Debug MPI+CUDA Apps with CUDA-GDB
Compiling with host -g
and device debug symbols -G
is slow. Also, the launcher command would be very complex. The workaround is attaching the debugger later:
#include <unistd.h>
if (rank == 0) {
char name[255];
gethostname(name, sizeof(name));
bool attached;
printf("rank %d: pid %d on %s ready to attach\n", rank, getpid(), name);
while (!attached) { sleep(5); }
}
Launch process, sleep on particular rank:
$ srun -n 4 ./jacobi -niter 10
rank 0: pid 28920 on jwb0001.juwels ready to attac
Then attach from another terminal (may need more flags)

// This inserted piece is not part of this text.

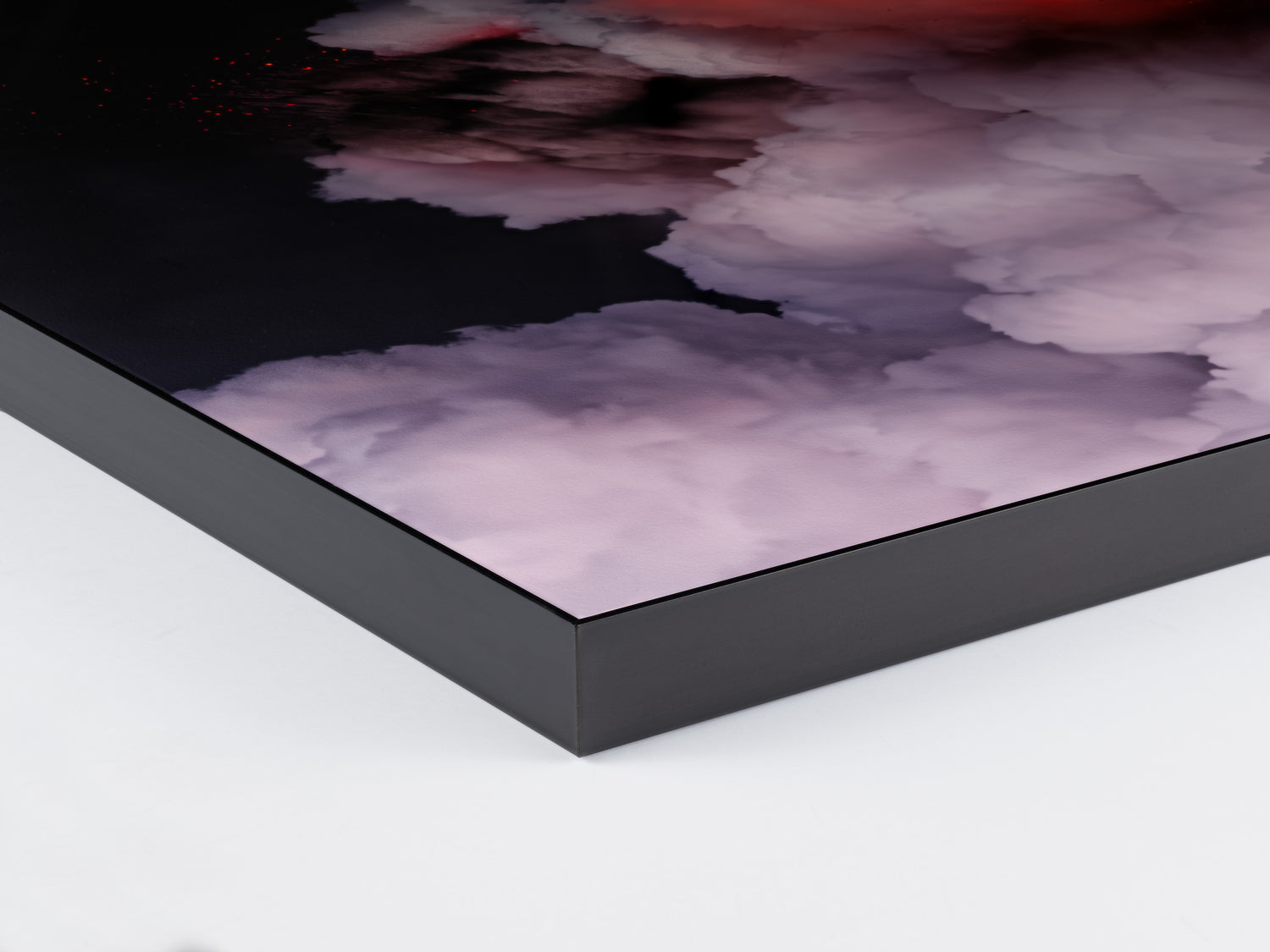 Your artwork is mounted in a 1¼-inch thick frame that adds depth to your print by separating it from the wall with a bold black border. The front-on view is unobstructed.

srun -n 1 --jobid ${JOBID} --pty bash -i
cuda-gdb --attach 28920
Wake up the sleeping process and continue debugging normally
(cuda-gdb) set var attached=true
Automatically wait for attach on exception without code changes, use option CUDA_DEVICE_WAITS_ON_EXCEPTION
:
$ CUDA_DEVICE_WAITS_ON_EXCEPTION=1 srun ./jacobi -niter 10
Single GPU jacobi relaxation: 10 iterations on 16384 x 16384 mesh with norm check every 1 iterations
jwb0129.juwels: The application encountered a device error and CUDA_DEVICE_WAITS_ON_EXCEPTION is set. You
can now attach a debugger to the application (PID 31562) for inspection.
Then, attach the debugger as before:
$ cuda-gdb --pid 31562
CUDA Exception: Warp Illegal Address
The exception was triggered at PC 0x508ca70 (jacobi_kernels.cu:88)
Thread 1 "jacobi" received signal CUDA_EXCEPTION_14, Warp Illegal Address.
[Switching focus to CUDA kernel 0, grid 4, block (0,0,0), thread (0,20,0), device 0, sm 0, warp 21, lane 0]
0x000000000508ca80 in jacobi_kernel<32, 32><<<(512,512,1),(32,32,1)>>> (/*...*/) at jacobi_kernels.cu:88
88 real foo = *((real*)nullptr);